EXERCISE GOAL: Under this line are the records; repeat exactly the lines starting at the one containing "Below are the" and ending at the one containing "重力星球 瓦75LITE夜行者,79键的 黑莓粉配色真的斩男斩女,有点喜欢", omitting pictures.

BEGIN DATA FOR ANALYSIS

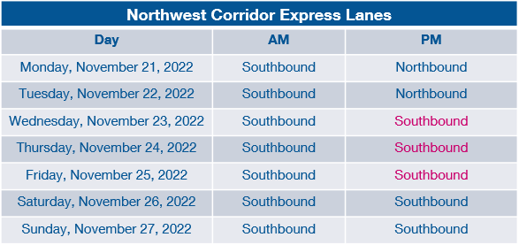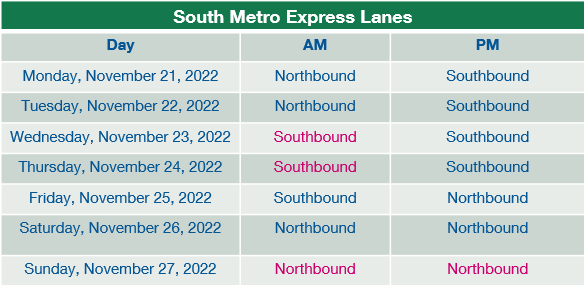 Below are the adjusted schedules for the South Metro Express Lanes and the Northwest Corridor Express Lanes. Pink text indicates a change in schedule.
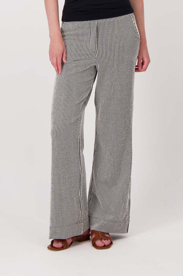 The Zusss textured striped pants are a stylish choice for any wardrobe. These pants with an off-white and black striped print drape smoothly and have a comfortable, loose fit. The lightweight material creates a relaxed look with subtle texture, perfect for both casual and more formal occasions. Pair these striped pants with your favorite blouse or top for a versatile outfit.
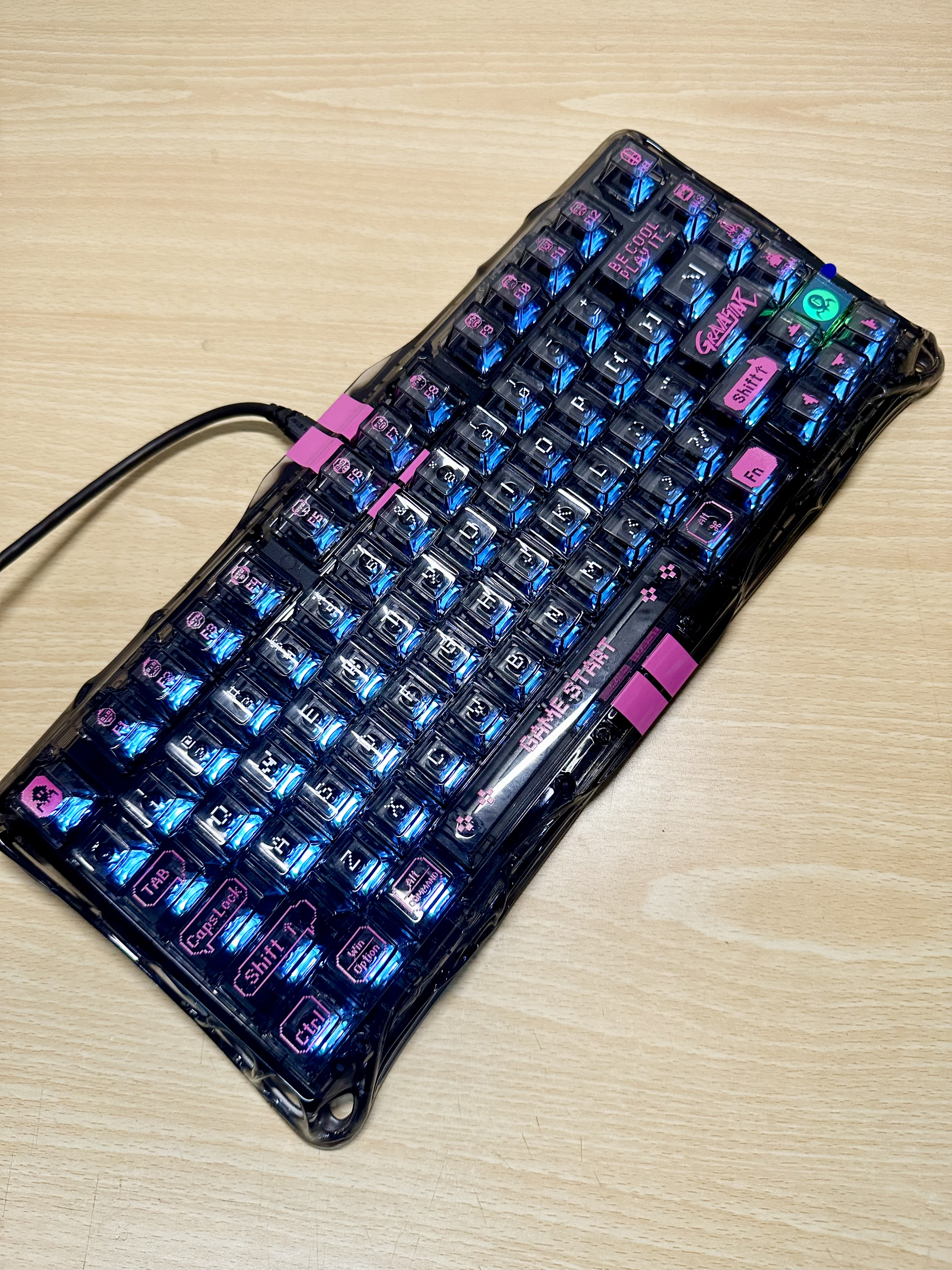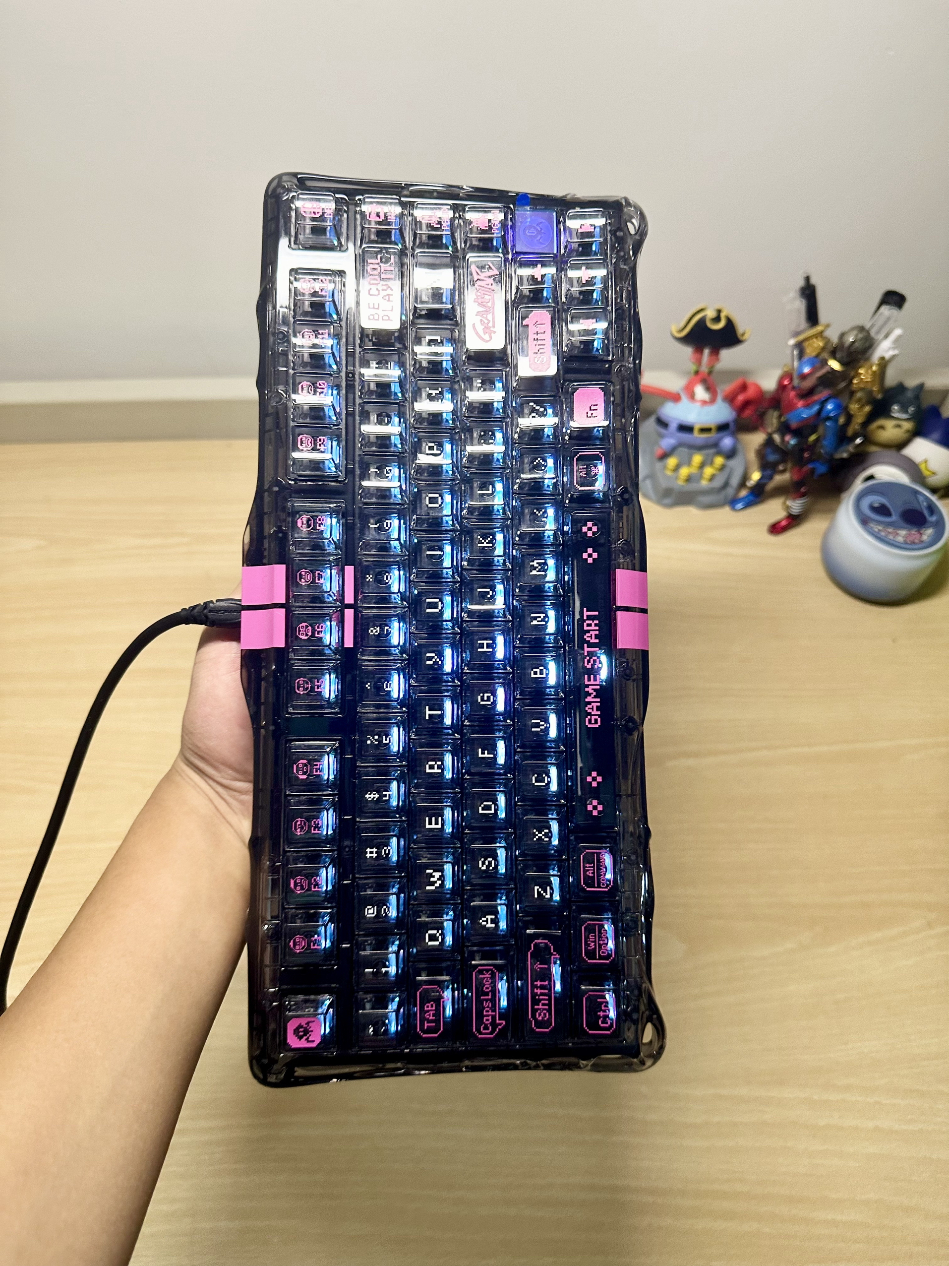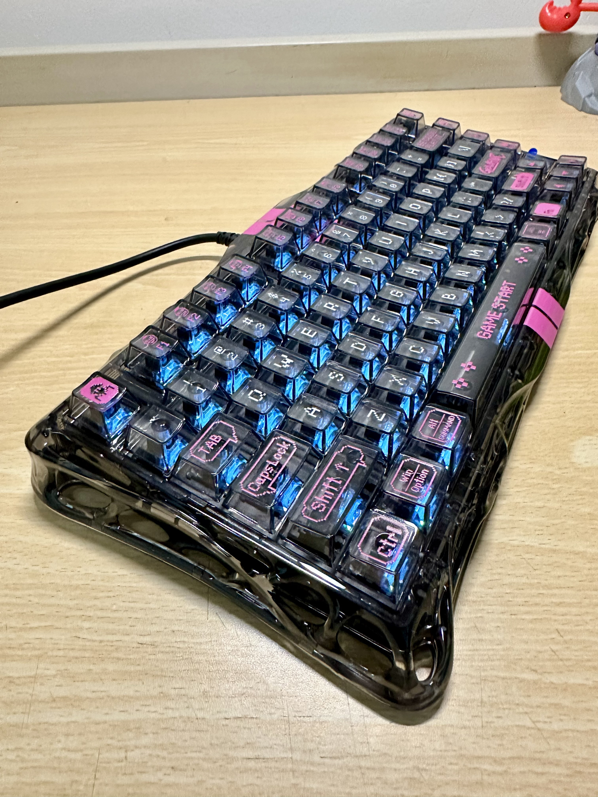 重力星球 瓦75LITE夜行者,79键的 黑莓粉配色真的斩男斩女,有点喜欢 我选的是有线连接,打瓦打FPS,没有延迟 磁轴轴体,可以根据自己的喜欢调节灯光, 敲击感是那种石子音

END DATA FOR ANALYSIS
BEGIN DATA FOR ANALYSIS

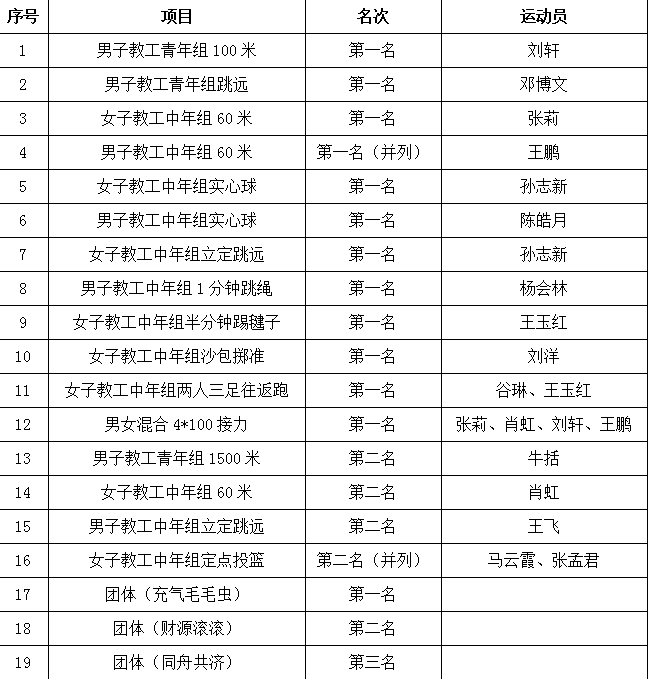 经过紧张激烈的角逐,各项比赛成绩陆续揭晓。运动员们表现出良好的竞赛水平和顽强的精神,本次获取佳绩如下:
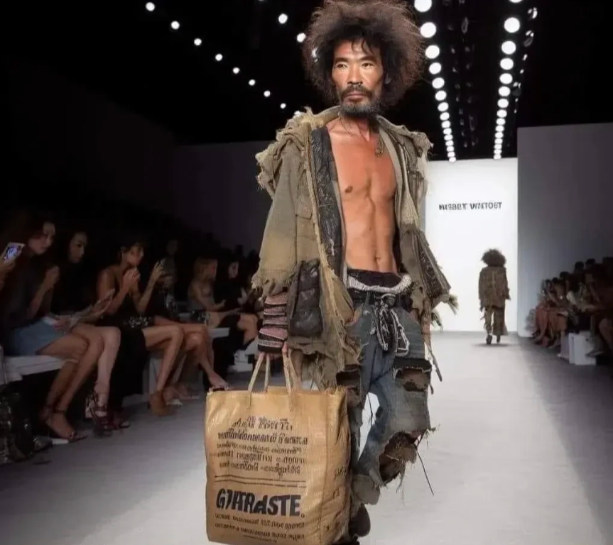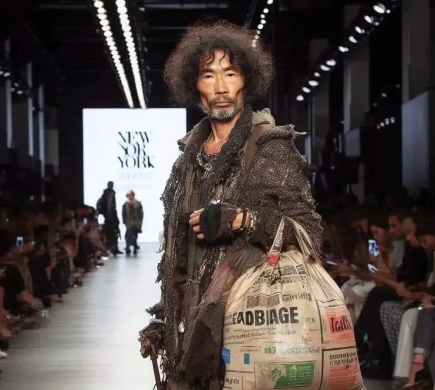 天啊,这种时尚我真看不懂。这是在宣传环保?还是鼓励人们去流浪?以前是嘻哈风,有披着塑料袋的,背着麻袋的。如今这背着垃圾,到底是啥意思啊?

END DATA FOR ANALYSIS

ANSWER SECTION:
 Below are the adjusted schedules for the South Metro Express Lanes and the Northwest Corridor Express Lanes. Pink text indicates a change in schedule.
 The Zusss textured striped pants are a stylish choice for any wardrobe. These pants with an off-white and black striped print drape smoothly and have a comfortable, loose fit. The lightweight material creates a relaxed look with subtle texture, perfect for both casual and more formal occasions. Pair these striped pants with your favorite blouse or top for a versatile outfit.
 重力星球 瓦75LITE夜行者,79键的 黑莓粉配色真的斩男斩女,有点喜欢 我选的是有线连接,打瓦打FPS,没有延迟 磁轴轴体,可以根据自己的喜欢调节灯光, 敲击感是那种石子音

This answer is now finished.